Call Tommy at Shrimp Fever. He mentioned something about this at the talk he gave at our fish club last week. Do not quote me but I think he said it was due to water quality issues and them trying to find a different body of water.


----------



## Shrimp Daddy (Mar 30, 2013)

i found a bunch of dried up shrimp at back of my tank when cleaning a few weeks back so I guess they could climb out. keep your water level lower to ensure they can't.


----------



## k2x5 (Mar 12, 2008)

I've had this happen on the tank I keep on my desk at work. 3 Amanos did this within a space of perhaps 3-4 months. I still have 2 that remain in the tank now and have since before the others went for their stroll...

I suspect it had a lot to do with the water level, they probably climbed out via the heater cord and from the top of the water to the edge of the tank is usually only 3/8" to 1/2" on that tank. They got out and before they knew what happened they were so close to the edge.


----------



## Fishfur (Mar 4, 2012)

I saw a post on this topic on another forum. Cherries in that case, but for sure, climbing out of their tank. Those that climbed out spent a fair amount of time hanging out near the C02 inlet of their tank as well, though whether it's related to the suicide is hard to say. The guy covered his tank and the losses stopped for the time being at least.

I've noticed my Bamboo shrimp sometimes try to climb out. I lost my largest male this way, he carpet surfed about ten feet away. From what I understand, this behaviour is one they practice in nature, moving from one pond or area to another. But dwarf shrimp, by and large, don't generally do this.. though I did find a load of them in a filter not too long ago. All alive and well, surprisingly. 

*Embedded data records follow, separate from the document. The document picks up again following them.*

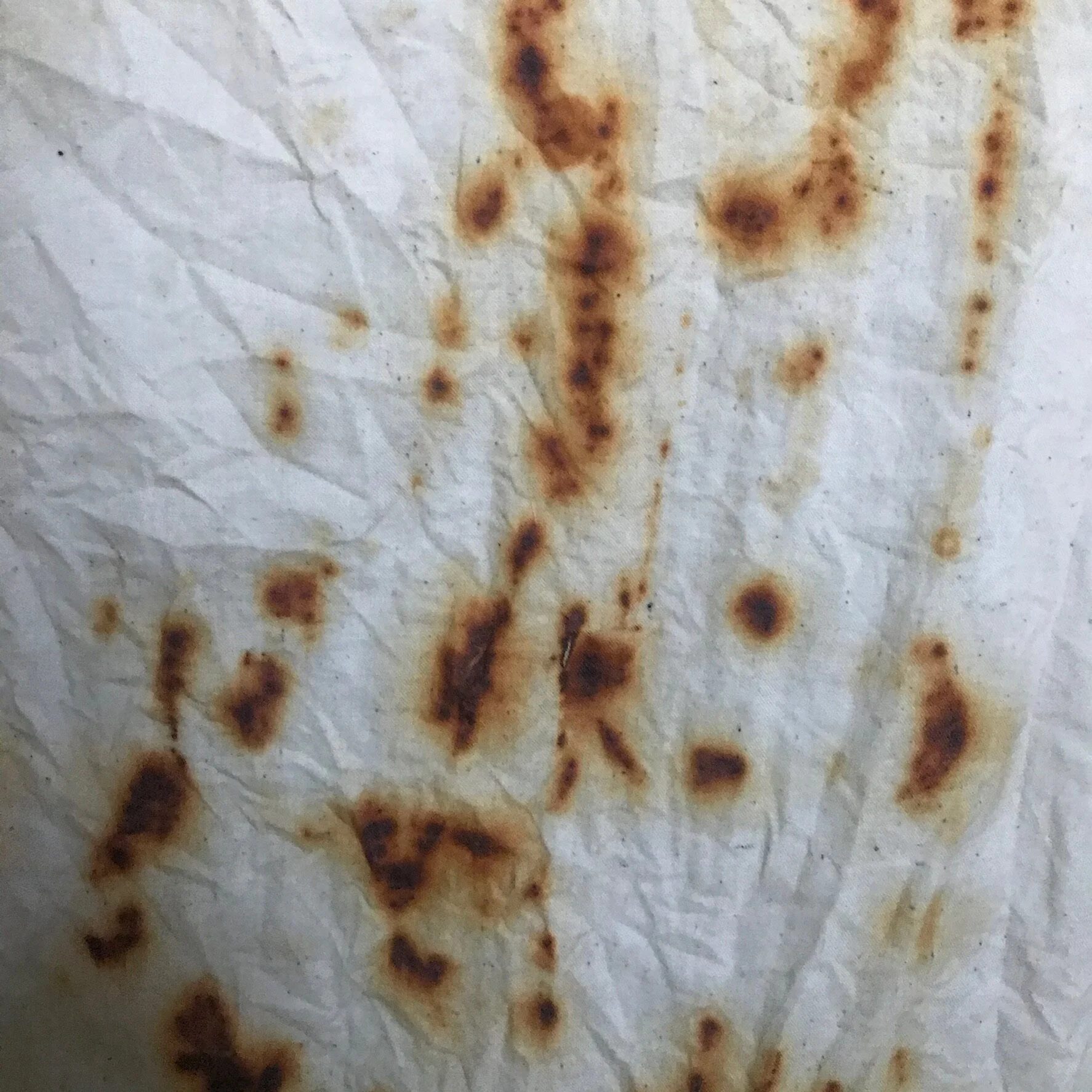 Place a drop cloth on your work surface. Rust is corrosive, you want to make sure you are not going to ruin a nice table or counter. Working on the ground is good too! Lay out your fabrics on your drop cloth. You can use dyed and undyed fabrics, both will yield varying results.
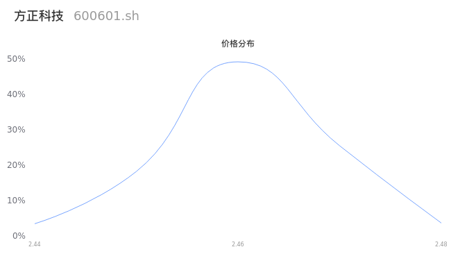 然后我们来看下当日成交的价格分布。经过分析发现,该股票当日成交价格波动低于10个最小波动价位,由于可以参考的样本量非常少,价格分布分析的结果不具有指导意义,下图仅供参考。
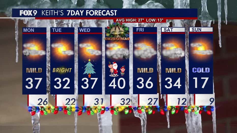 The mild trend continues into the holiday, with Christmas reaching a high of around 40 degrees in the Twin Cities metro. Temperatures cool slightly but remain above freezing Friday and Saturday before turning colder again by the end of the weekend.
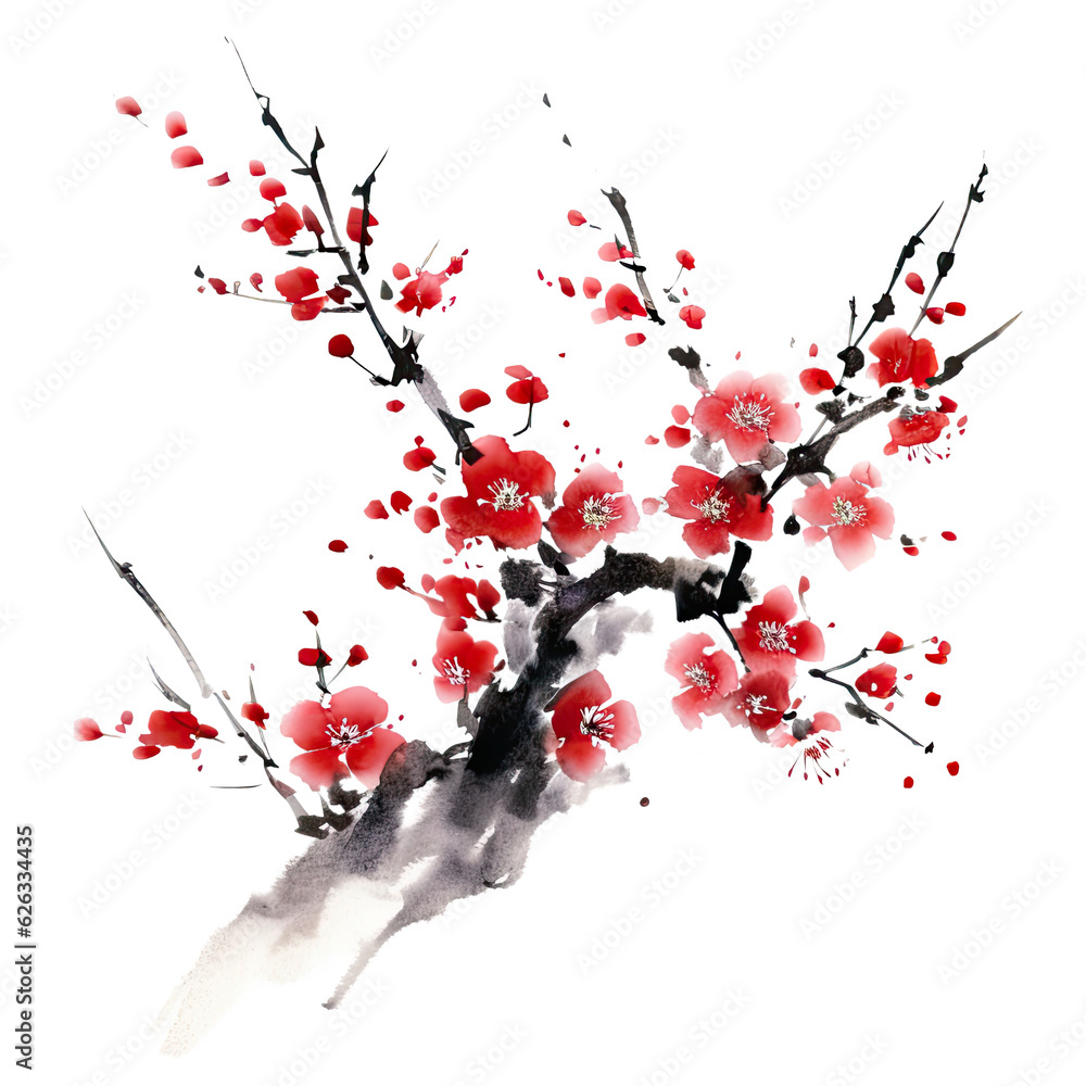 Traditional ink painting style sakura tree branches, Beautiful pink cherry blossom, spring flowers. #626334435
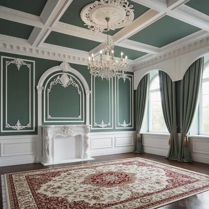 Цвет карниза в классическом интерьере обычно белый или близкий к цвету потолка. Белые карнизы на цветных стенах создают четкую визуальную раму. Позолоченные карнизы характерны для роскошных барочных и ампирных интерьеров, создают эффект дворцовой пышности.

Though if it was a case of water conditions being really poor, I'd think most any critter would attempt to find better conditions, however it could. I also wonder if they are attracted to some types of water movement.. such as filter intakes. Adults are strong enough to swim away, so I have wondered if they get sucked up because the current attracts them. Pre filters at least prevent that from happening.


----------



## BBXB (Oct 7, 2012)

Seems like no definitive answer. Good news is they stopped doing this. Thanks for all the information.


----------